Juked.gg Co-Founder Ben Goldhaber On The Present and Future Of Esports Broadcasting

Juked.gg Co-Founder Ben Goldhaber On The Present and Future Of Esports Broadcasting

Written by 

Sascha Heinisch

Published 

9th Oct 2020 17:30

With over a decade of experience in and around esports broadcasting, Ben “Fishstix” Goldhaber is one of the premier minds around all things esports streaming. Initially a founding member of Twitch.tv, Goldhaber together with his partner Chris “ChanmanV” Chan founded Juked.gg, a one-stop shop for esports entertainment. Intending to be “the home for esports fans”, Juked’s current features range from an aggregation of esports streams focusing on discoverability to a comprehensive esports calendar.

Due to his unique and storied career in the esports space, Goldhaber was able to speak with GGRecon on a large variety of topics, ranging from both the history and future of esports broadcasting, who the average esports fan is, the warped impact of COVID on esports, and which parts of the industry are currently bottlenecking the growth of esports.

The interview was edited for brevity and clarity.

I think for the followers that have been with you on your journey in esports, Juked.gg makes sense.

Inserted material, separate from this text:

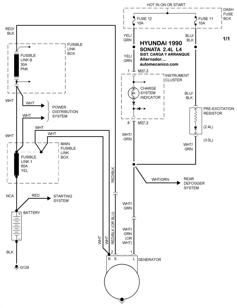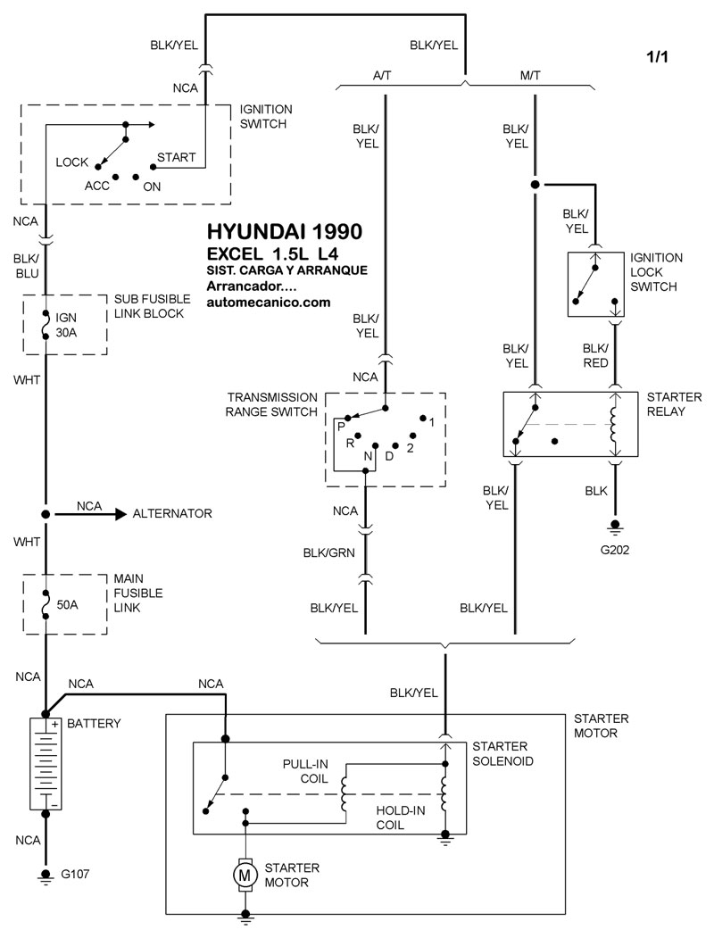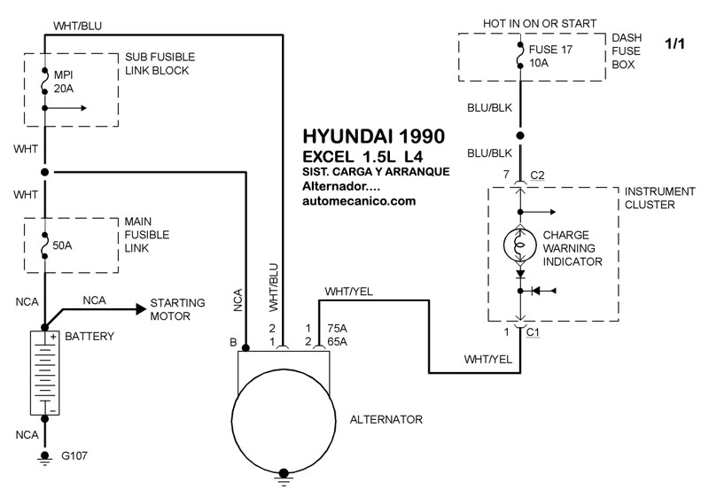 Diagramas HYUNDAI : Carga y Arranque | Charging and Starting System: - Esquemas - Graphics 1990 - |

You were always the guy for the esports calendar. How can fans even discover esports streams? It’s all over the place. Back in the day, it was even on different streaming platforms, and it’s once again moving into that space. Do you think you’re on a good path to solving these issues with Juked.gg?

You’re exactly right. I don’t want to say it’s a life mission, that’s probably too dramatic, but it’s something that I have been thinking about and wanted to solve for actually more than a decade. If you go back to as early as 2009, a couple of friends and myself, we actually built a website called gamescast.tv. This is before League of Legends, Starcraft 2, this was just as those games were coming in. We built this website that aggregated streams from livestream, ustream, justin.tv, and own3d. It was a super simple platform, we just used the APIs of these services with the goal of being the place where you go to find esports streams. It’s no stretch to say that this has been something like version .001 of it in 2009 and 2010. 

Then I obviously joined Twitch’s founding team in 2011, which was amazing and I wanted to solve that problem at Twitch as well, but I was never able to get the engineering or the resources I wanted to build this type of product internally within Twitch. I don’t think there is anyone else on the planet who has put more time and more thought into this specific issue “discovery in esports.”

Yeah, that’s definitely true. The underlying premise, of course, is that you must believe that there are people out there that aren’t just one-game-followers. Do you see Juked more as an attractor of new esports fans, or is it more to get the already dedicated esports fan to join in on the next esport? 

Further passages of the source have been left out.